Analyses of weights of a given network therefore is a promising type of static analysis for neural networks equivalent to static analysis of source code which can just be run quickly on any given network before actually having to run it on live inputs. This could potentially be used for alignment as a first line of defense against any kind of harmful behaviour without having to run the network at all. Techniques that analyze the weights are also typically cheaper computationally, since they do not involve running large numbers of forward passes through the network and/or storing large amounts of activations or dealing with large datasets.

Conversely, the downsides of weight analysis is that it cannot tell us about specific model behaviours on specific tokens. The weights instead can be thought of as encoding the space of potential transformations that can be applied to a specific input datapoint but not any specific transformation.
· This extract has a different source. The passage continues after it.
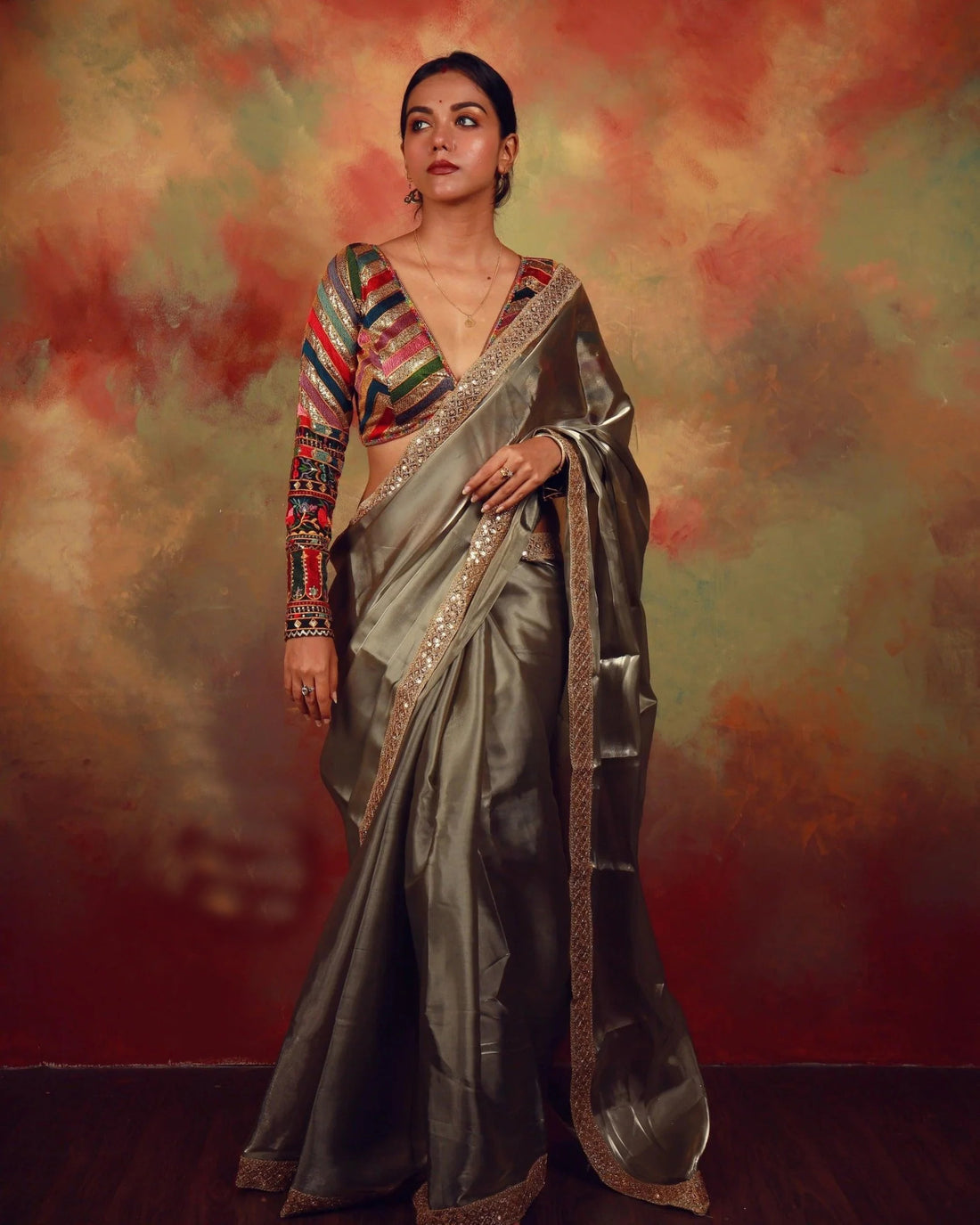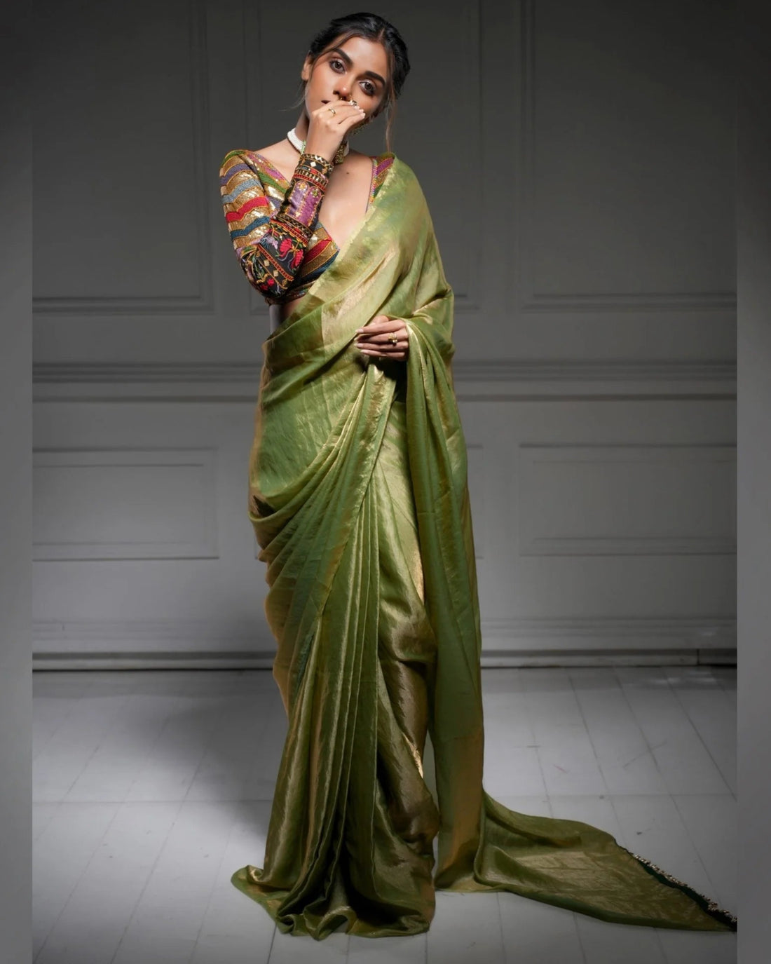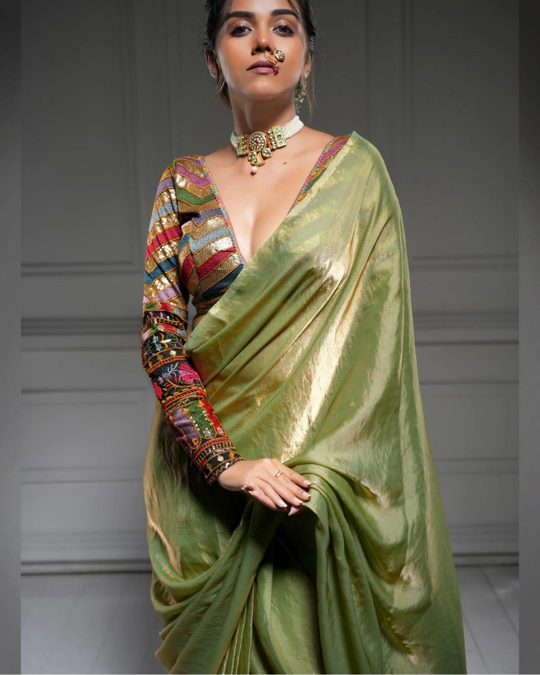 Pair this blouse with a silk saree, tissue saree, or georgette drape. It also looks great with lehengas or skirts. The detailed sequin work sparkles softly, making it perfect for evening events.

They probably can also be used to derive information about average behaviour of the network but not necessarily extreme behaviour which might be most useful for alignment. 

I thought this was a really good summary of the pros and cons of the methodology. 

Thank you so much for writing up this thorough and well-thought-out writeup, Eli and Charlotte! I think there is a high probability that TAI will be developed soon, and it is excellent that you have brainstormed your opinions on the implications for alignment with such detail.

Regarding your point on interpreting honesty and other concepts from the AI's internal states: I wanted to share a recent argument I've made that the practical upside of interpretability may be lower than originally thought. This is because the interaction dynamics between the AI agent and its environment will likely be subject to substantial complexity and computational irreducibility.

Thank you so much, Beth, for your extremely insightful comment! I really appreciate your time.

I completely agree with everything you said. I agree that "you can make many very useful predictions about humans by modeling them as (for example) having some set of goals, habits, tendencies, and knowledge," and that these insights will be very useful for alignment research. 

I also agree that "it's difficult to identify what a human's intentions are just by having access to their brain." This was actually the main point I wanted to get across; I guess it wasn't clearly communicated. Sorry about the confusion!

My assertion was that in order to predict the interaction dynamics of a computationally irreducible agent with a complex deployment environment, there are two realistic options:

  1. Run the agent in an exact copy of the environment and see what happens. 
  2. If the deployment environment is unknown, use the available empirical data to develop a simplified model of the system based on parsimonious first principles that are likely to be valid even in the unknown deployment environment. The predictions yielded by such models have a chance of generalizing out-of-distribution, although they will necessarily be limited in scope.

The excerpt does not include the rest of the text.